Bei einem Zugunglück in der Nähe des spanischen Wallfahrtsortes Santiago de Compostela sind am Abend des 24. Juli 2013 mehr als 70 Menschen ums Leben gekommen.
77 Menschen sterben bei Zugunglück in Santiago de Compostela

Der Tod kam auf der Pilgerfahrt

Zugunglück - Bei einem schweren Zugunglück im nordwestspanischen Santiago de Compostela sind laut spanischen Medien mindestens 77 Menschen ums Leben gekommen. Rund 140 seien verletzt worden.

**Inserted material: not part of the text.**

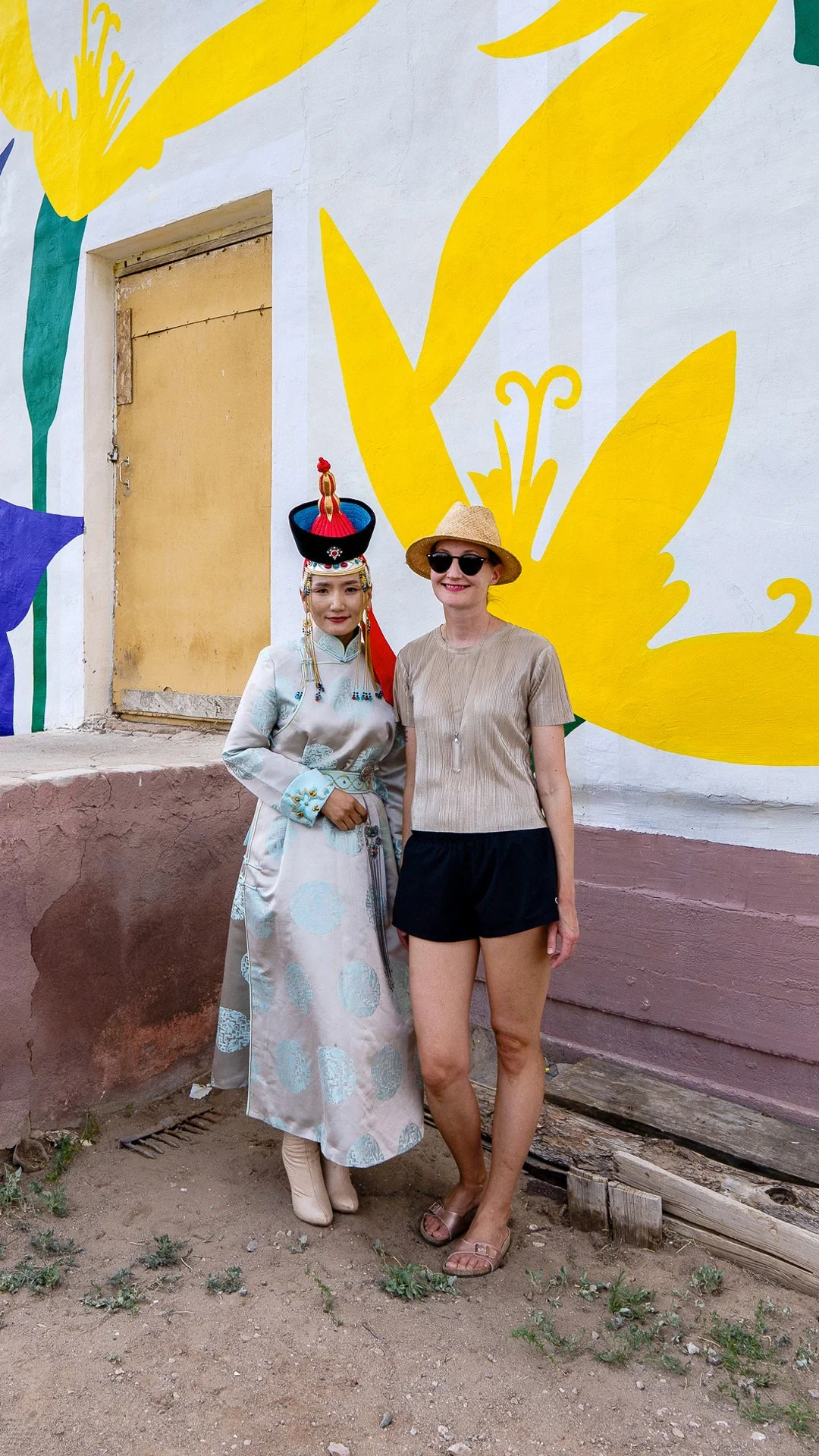 Painting in the middle of a desert was a dream come true, although I wish the need for this initiative was different. Gobi Desert weather extremes vary from summer temperatures that can frequently soar above 40°C to winter lows around -40°C. Severe droughts have contributed to increased desertification. Thus, climate change has driven 35% of the population of Tsagaandelger Soum away.

Berichten zufolge entgleiste am Abend ein Schnellzug aus Madrid kurz vor dem Bahnhof der Regionalhauptstadt Galiciens. An Bord befanden sich nach Angaben der staatlichen Eisenbahngesellschaft Renfe neben dem Zugpersonal 218 Reisende.

Santiago de Compostela - 25.07.2013

Das Unglück ereignete sich am Vorabend des Festtages des Patrons der galizischen Pilgerstadt und ganz Spaniens, des heiligen Jakobus. Es wird vermutet, dass auch Wallfahrer an Bord des entgleisten Schnellzuges waren.

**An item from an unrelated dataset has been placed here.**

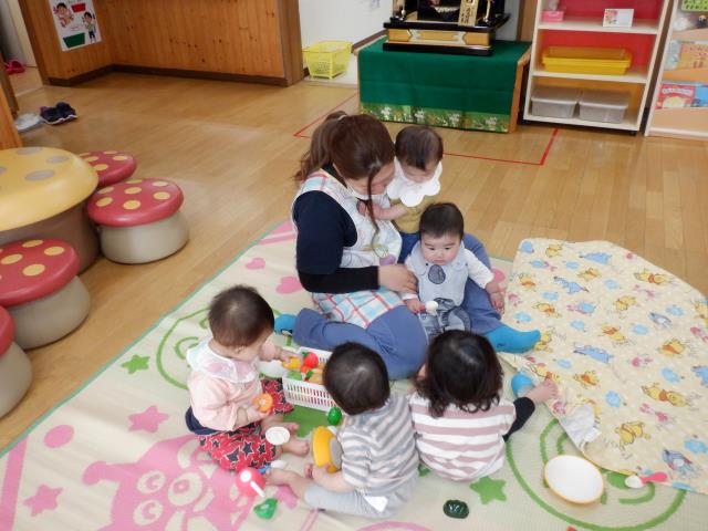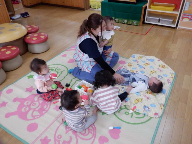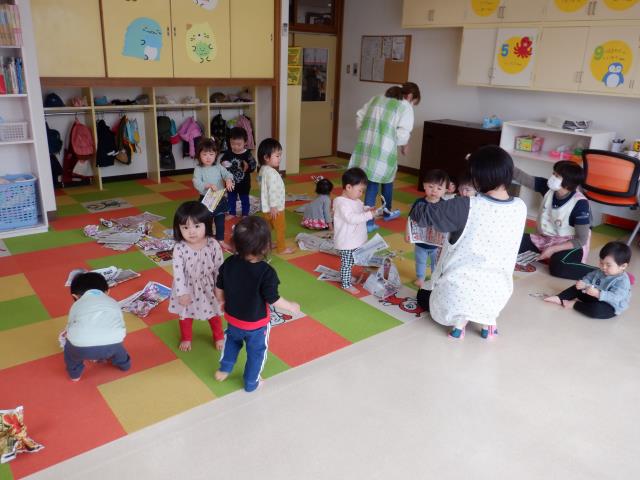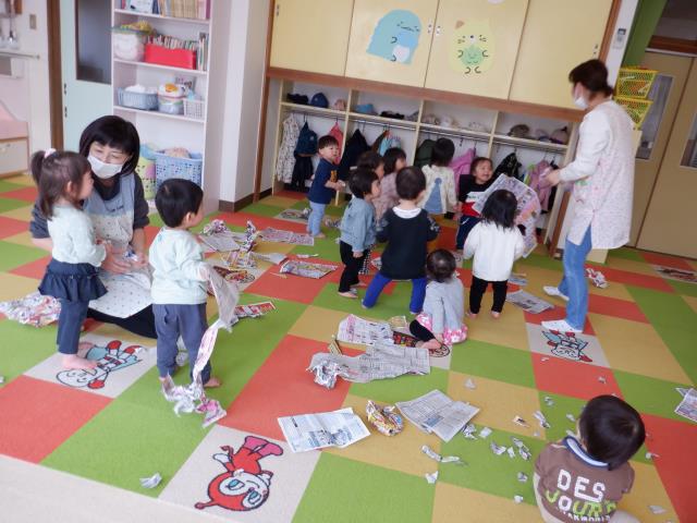 新しく入ったお友達も少しずつ慣れ、笑顔がみられてきました。今日はお部屋で紙遊びをしたちゅうりっぷさん。

Am Vormittag wird Ministerpräsident Mariano Rajoy am Unglücksort erwartet. Der Erzbischof des Wallfahrtsortes Santiago, Julian Barrio, bekundete den Verletzten und Hinterbliebenen sein Mitgefühl.

Seit dem 10. Jahrhundert ist Santiago de Compostela ein berühmter Wallfahrtsort. Die Kirche Jakobus des Älteren wurde am 25. Juli 816 eingeweiht. Der 25. Juli ist der Gedenktag des Heiligen, dessen Gebeine um das Jahr 70 zunächst auf den Sinai und schließlich im 8. Jahrhundert zum Schutz vor den Sarazenen nach Spanien gebracht worden sein sollen.

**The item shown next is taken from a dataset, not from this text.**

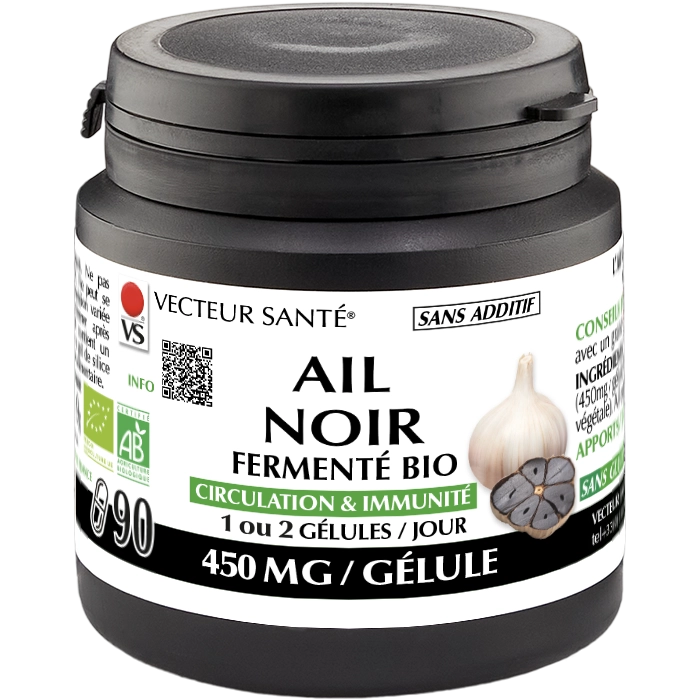 AIL NOIR FERMENTÉ BIO CIRCULATION IMMUNITÉ Ail Noir Fermenté Bio – 450 mg/gélule – circulation, immunité et antioxydant – sans odeur, sans additif. Informations

Santiago de Compostela ist der bedeutendste Wallfahrtsort Spaniens und eines der beliebtesten Ziele für Pilger aus aller Welt.
Bild: © KNA

Santiago de Compostela ist der bedeutendste Wallfahrtsort Spaniens und eines der beliebtesten Ziele für Pilger aus aller Welt. Die Hauptstadt der autonomen Region Galizien im äußersten Nordwesten Spaniens beherbergt das Grab des heiligen Jakobus - dem spanischen Nationalheiligen - und ist Endpunkt des Jakobsweges, einem seit dem Mittelalter existierenden Pilgerweg durch ganz Europa.

Am Wochenende sollte in dem international bekannten Pilgerort ein großes Fest stattfinden. Nach dem Unglück wurden die Feiern mittlerweile abgesagt.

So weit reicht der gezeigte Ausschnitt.